School Safety Agents Form New Country

In a seamless political coup, the Stuyvesant School Safety Agents took over the small island of Calortta near the Floridian coast on Tuesday, March 27, and declared it their own country. Their absence has already been felt at Stuyvesant High School.

“When I walked into school on Wednesday [March 28], I immediately noticed the lack of my habitual pat-down and full body search,” said English teacher Philip Mott, who described himself as “what is known as a ‘loose cannon’ in securitorial jargon,” he said.

The Safety Agents named their country The Essential Republic of Securigardia and drafted a constitution of 47 articles. “Yes, the constitution is rather long,” Officer Rosario Ubilla said. “But all of the articles reflect the same basic principle: no food or beverages are allowed in or out of the country by any means […] With the exception of water bottles, of course. Water bottles can’t spill.”

Ubilla added that though the constitution’s rules are valid in principle, they can be hard to enforce. “If people try to sneak in contraband in handbags or, dare I say it, knapsacks, our whole security outfit is left virtually ineffective,” she said.

The Central Council for Securigardia, comprised of Ubilla and four other officers, is also holding elections for the leader of the newborn country. Currently, Officer John Montgomery is the “leading candidate for the position of Supreme Chancellor,” said Officer Tiffany Bates, who is the Chairwoman of the Central Council.

“If elected, I promise to enforce a reign of supreme strigency to the rules of this land,” Montgomery said. “I am running solely on a platform of ‘No Pizza Bagels, No Problems.’”

But it would seem that the island is already stringent, according to Principal Stanley Teitel, who visited this week to coax this security guards back into their jobs. But he encountered some difficulties when he left his suntan lotion on the boat. “I stepped off the island for a few seconds to locate my SPF 400 on the boat, and when I tried to get back on, I was stopped by border patrol,” Teitel said. “They wanted three valid forms of identification, as well as a note signed by my parents, my doctor, and my wife explaining my need for superior facial protection.”
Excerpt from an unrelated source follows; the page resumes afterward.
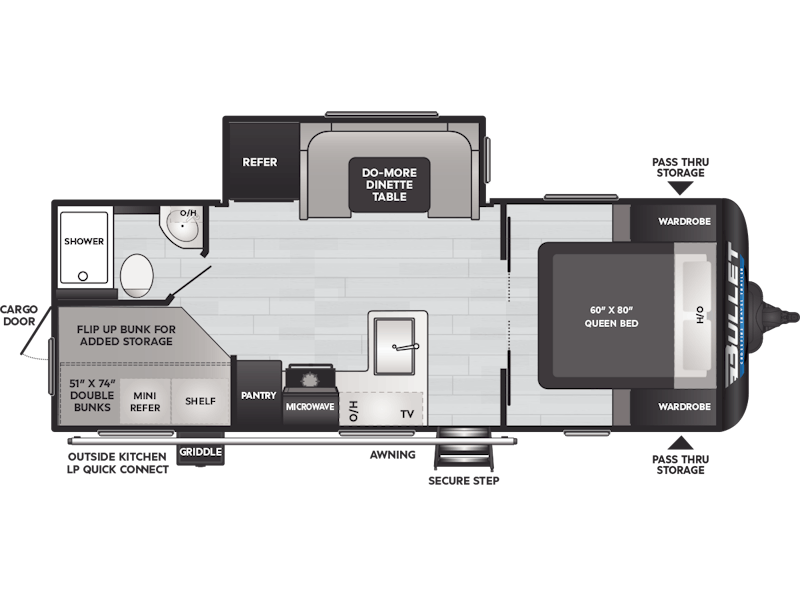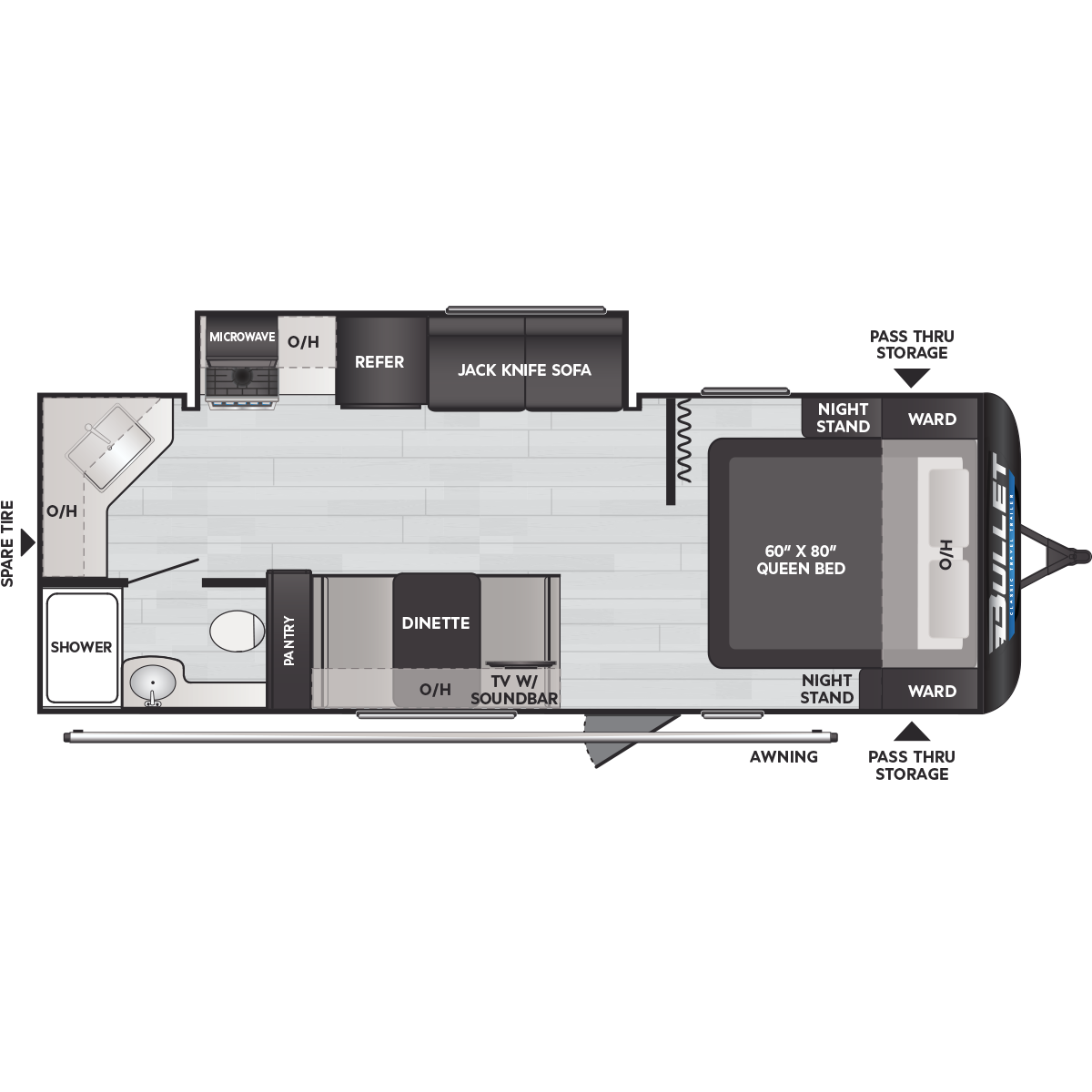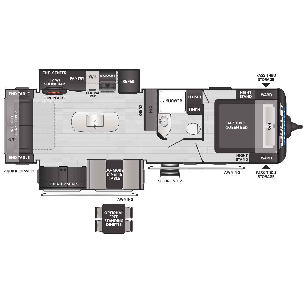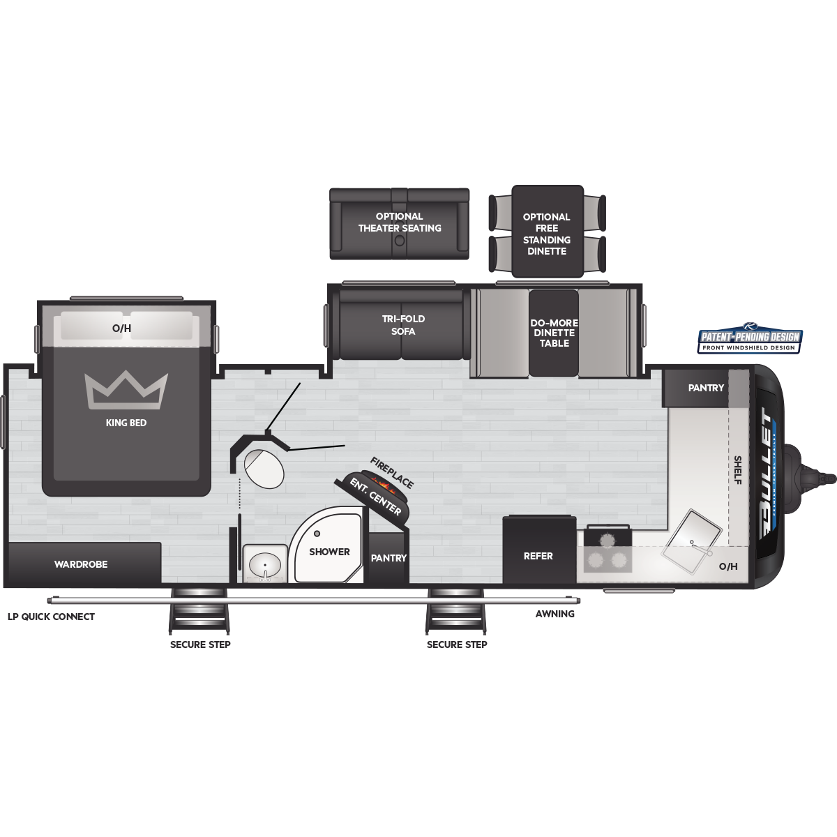 Come to Keystone RV Booth 2 with Camping World to see all of these floorplans! Discover a new era of RVing with Bullet and Bullet Crossfire Ultra-Lite travel trailers – your gateway to towing confidence, unparalleled style, and versatility. Explore a world where towing becomes effortless, where sleek design merges seamlessly with functionality, and where your journey is only limited by your imagination. Bullet’s main product line offers distinctive bunkhouses and couples coaches with more features and amenities. Bullet Crossfire includes smaller, single- and dual-axle models designed with comfort and affordability in mind. Your path to unforgettable adventures starts here, with RVs that not only reflect your style but enhance every moment of your travel.

Meanwhile at Stuyvesant, the school community has descended into chaos without “the completely logical and by no means unnecessary rules that once governed this great population,” English teacher and dean Mark Halperin said.

“Students and faculty alike are now free to roam about the halls without being quarantined or ordered to surrender their IDs and bagged lunch. Some students are even going to the cafeteria during their free periods. It’s madness.”

Indeed, the effects have been noticed across the faculty. “The absence of these security guards, these great behemoths of law and order, has been strongly felt at Stuyvesant,” social studies teacher and former dean Daniel Tillman said. “Heaven only knows what chaos tomorrow will bring.”